A mistrial may be declared sua sponte by the judge or upon motion by either party. Common grounds include juror misconduct, prejudicial statements by witnesses or counsel, improper evidence reaching the jury, or a deadlocked jury unable to reach a unanimous verdict. When a mistrial motion is made, the judge typically excuses the jury, hears arguments, and determines whether the error is so prejudicial that it cannot be cured by a limiting instruction. If a mistrial is declared over the defendant's objection in a criminal case, double jeopardy analysis applies to determine whether retrial is permitted under the "manifest necessity" standard.
Defense Counsel: "Your Honor, we move for a mistrial based on the prosecutor's reference to the defendant's prior convictions in violation of the court's in limine order."
Judge: "The jury having reported that they are hopelessly deadlocked after five days of deliberation, I am declaring a mistrial."
Judge: "The motion for mistrial is denied. I will issue a curative instruction to the jury."
Students frequently assume a mistrial means the defendant goes free. In most cases, the prosecution may retry the case. Only when a mistrial is caused by prosecutorial misconduct intended to provoke a mistrial motion does double jeopardy bar retrial.
Arizona v. Washington, 434 U.S. 497 (1978)
Held that a trial judge's finding of manifest necessity for a mistrial is entitled to great deference, and retrial is not barred by double jeopardy.
Oregon v. Kennedy, 456 U.S. 667 (1982)
Established that double jeopardy bars retrial after a defense-requested mistrial only when the prosecution's misconduct was intended to provoke the motion.
United States v.
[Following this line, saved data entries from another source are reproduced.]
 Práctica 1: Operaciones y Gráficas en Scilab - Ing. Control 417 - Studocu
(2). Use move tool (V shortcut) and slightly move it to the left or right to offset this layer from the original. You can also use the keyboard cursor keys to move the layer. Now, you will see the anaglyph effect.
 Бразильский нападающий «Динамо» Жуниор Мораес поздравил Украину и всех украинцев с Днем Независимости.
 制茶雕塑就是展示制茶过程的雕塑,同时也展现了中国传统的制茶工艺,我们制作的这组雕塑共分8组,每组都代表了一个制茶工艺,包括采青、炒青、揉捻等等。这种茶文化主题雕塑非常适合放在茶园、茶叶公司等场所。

Perez, 22 U.S. (9 Wheat.) 579 (1824)
First articulated the manifest necessity doctrine, holding that a hung jury constitutes sufficient necessity to declare a mistrial.
| Mistrial | Dismissal |
|---|---|
| Trial is terminated before verdict | Case is terminated entirely |
| Case may be retried | With prejudice: case cannot be refiled |
| Declared by the judge sua sponte or on motion | May be voluntary (plaintiff) or involuntary (court) |
| Jury is discharged without reaching a verdict | No jury discharge issue (often pretrial) |
| Double jeopardy usually does not bar retrial | Dismissal with prejudice bars relitigation |
What is the difference between a mistrial and a dismissal?
A mistrial terminates the trial before a verdict due to a fundamental error; the case may be retried. A dismissal terminates the case itself; with prejudice it cannot be refiled.
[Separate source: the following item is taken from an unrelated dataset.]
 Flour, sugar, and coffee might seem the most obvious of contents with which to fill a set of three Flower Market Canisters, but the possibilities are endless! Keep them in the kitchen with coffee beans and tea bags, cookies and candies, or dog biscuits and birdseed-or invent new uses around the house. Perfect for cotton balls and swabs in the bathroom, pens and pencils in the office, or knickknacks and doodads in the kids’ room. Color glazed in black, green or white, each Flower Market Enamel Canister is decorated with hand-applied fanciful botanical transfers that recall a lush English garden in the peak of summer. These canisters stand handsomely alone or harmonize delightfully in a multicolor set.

Does a mistrial trigger double jeopardy protections?
Generally no. When declared due to manifest necessity (e.g., hung jury), retrial is allowed. But if the prosecution intentionally provoked a mistrial, retrial may be barred under Oregon v. Kennedy.
What are the most common grounds for declaring a mistrial?
Hung jury, juror misconduct or exposure to prejudicial information, prosecutorial misconduct, improper statements that cannot be cured by instruction, and sudden unavailability of a critical participant.